Trie圖（DFA），AC自動機

本文轉載自查看原文 2012-07-24 14:50 7756 字符串/ 算法筆記

Trie圖

先看一個問題：給一個很長很長的母串長度為n，然后給m個小的模式串。求這m個模式串里邊有多少個是母串的字串。

最先想到的是暴力O(n*m*len(m)) len(m)表示這m個模式串的平均長度。。。

顯然時間復雜度會很高。。。

再改進一些，用kmp讓每一模式串與母串進行匹配呢？時間復雜度為O((n + len(m))*m)，還算可以。

可是還有沒有更快的算法呢？

編譯原理里邊有一個很著名的思想：自動機。

這里就要用到確定性有限狀態自動機（DFA）。可以對這m個模式串建立一個DFA，然后讓母串在DFA上跑，遇到某個模式串的終結節點則表示這個模式串在母串上。

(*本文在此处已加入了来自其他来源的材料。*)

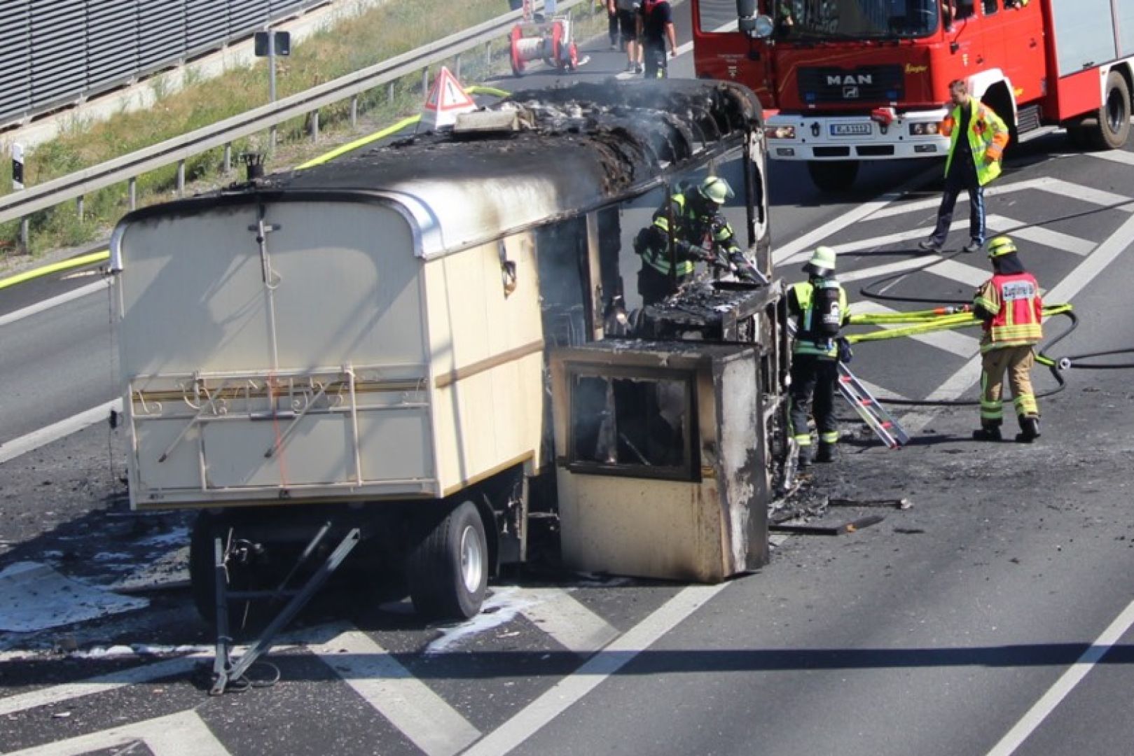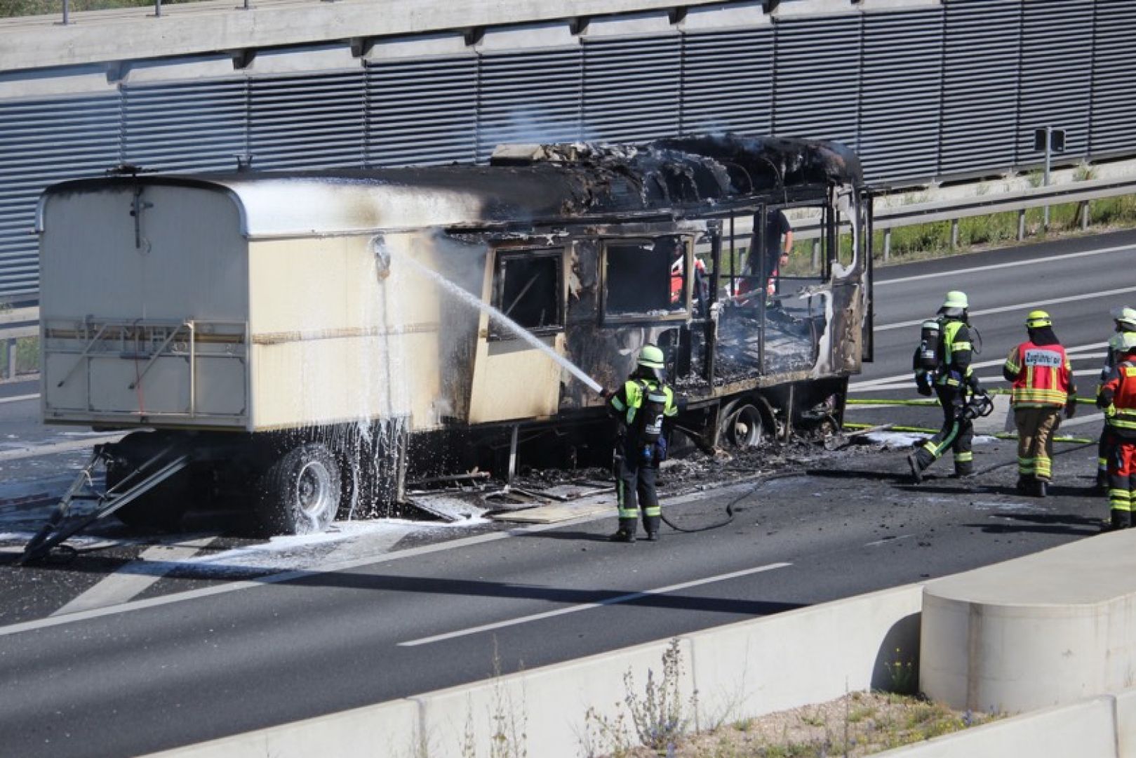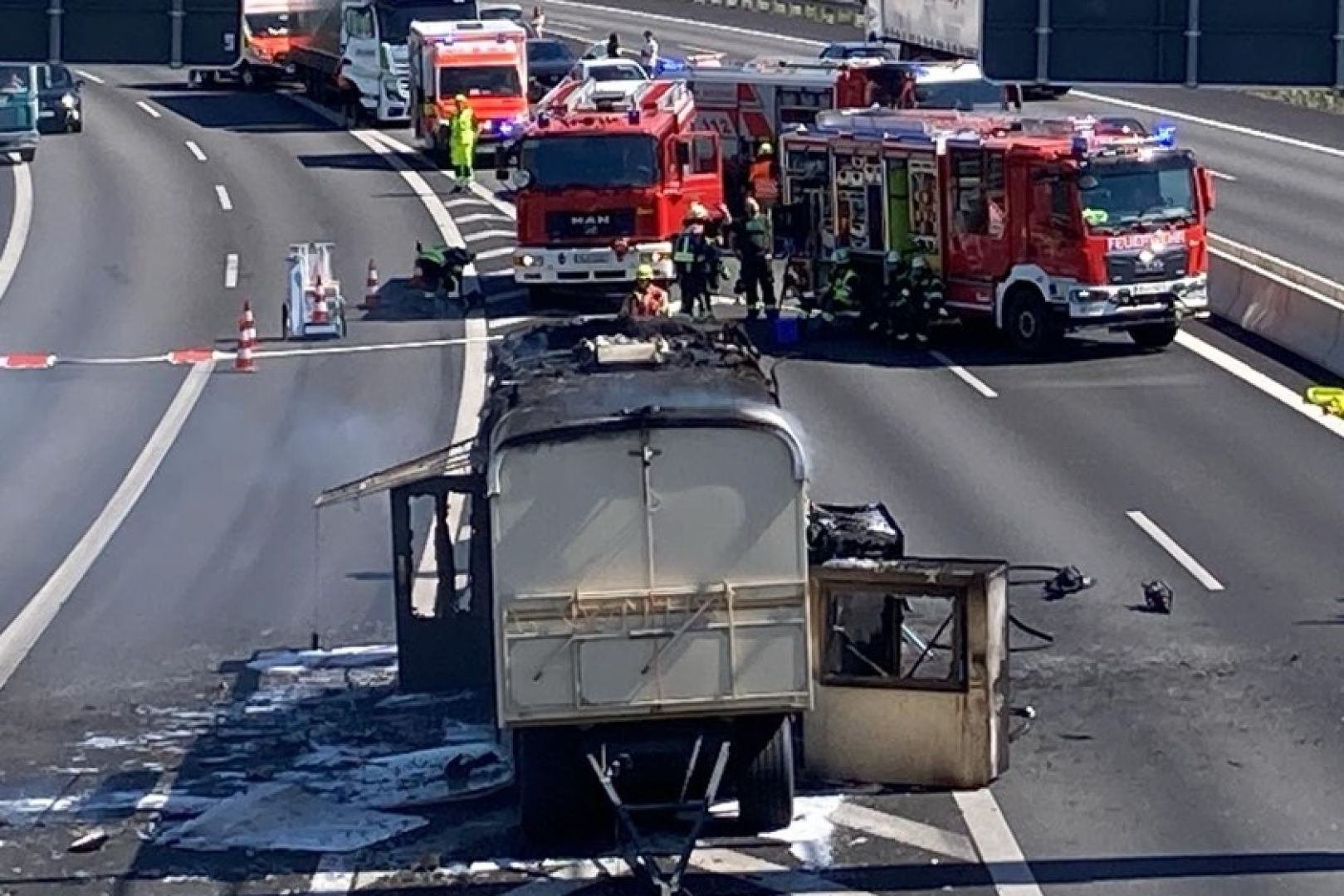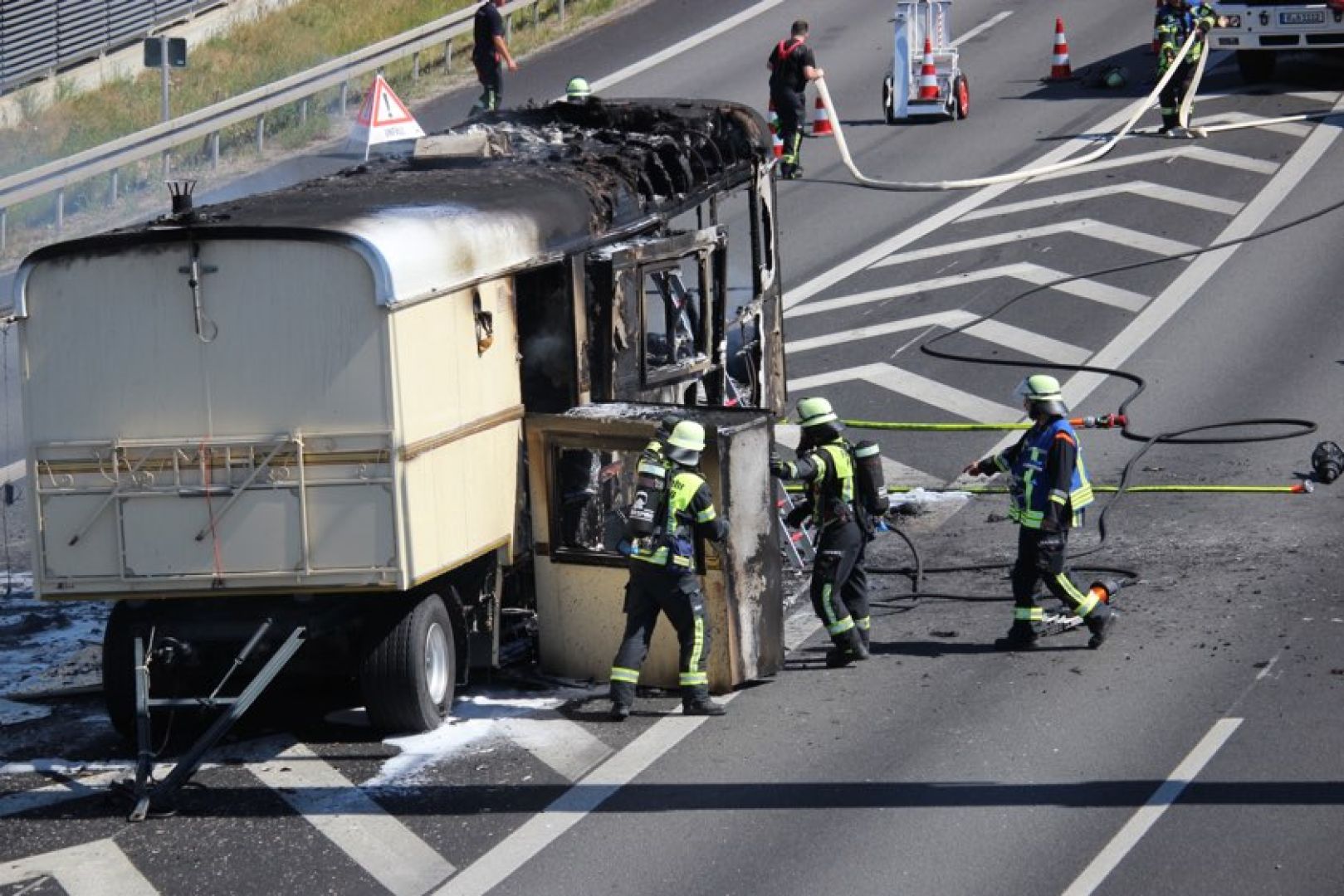 Wie die Polizei berichtet, war ein Reifen-Platzer die Ursache dafür, dass der Wohnanhänger in Flammen geriet und letztlich ausbrannte. "Nachdem der Brand weitestgehend unter Kontrolle war, wurde die Fahrbahn in Richtung Passau nach knapp einer Stunde wieder für den Verkehr freigegeben", heißt es weiter. "Inzwischen konnte auch die linke Fahrspur der A3 in Fahrtrichtung Nürnberg wieder für den Verkehr geöffnet werden", wurde gegen 16.15 Uhr gemeldet. Die Überleitungen der A3 von Passau kommend auf die A93 in Richtung Hof und München waren wegen der Bergungs-Maßnahmen noch länger gesperrt.

就像這個圖，母串“nano”在上邊跑就能到達終止節點。

上邊說的是自動機的概念。。。還有一個要用到的是trie樹，這個不解釋了，網上資料一大堆。

這里步入正題：Trie圖

trie圖是一種DFA，可以由trie樹為基礎構造出來，
對於插入的每個模式串，其插入過程中使用的最后一個節點都作為DFA的一個終止節點。
如果要求一個母串包含哪些模式串，以用母串作為DFA的輸入，在DFA 上行走，走到終止節點，就意味着匹配了相應的模式串。

ps: AC自動機是Trie的一種實現，也就是說AC自動機是構造Trie圖的DFA的一種方法。還有別的構造DFA的方法...

怎么建Trie圖？

可以回想一下，在kmp算法中是如何避免母串在匹配過程種指針回溯的？也就是說指針做不必要的前移，浪費時間。

同樣的，在trie圖中也定義這樣一個概念：前綴指針。

這個前綴指針，從根節點沿邊到節點p我們可以得到一個字符串S，節點p的前綴指針定義為：指向樹中出現過的S的最長的后綴。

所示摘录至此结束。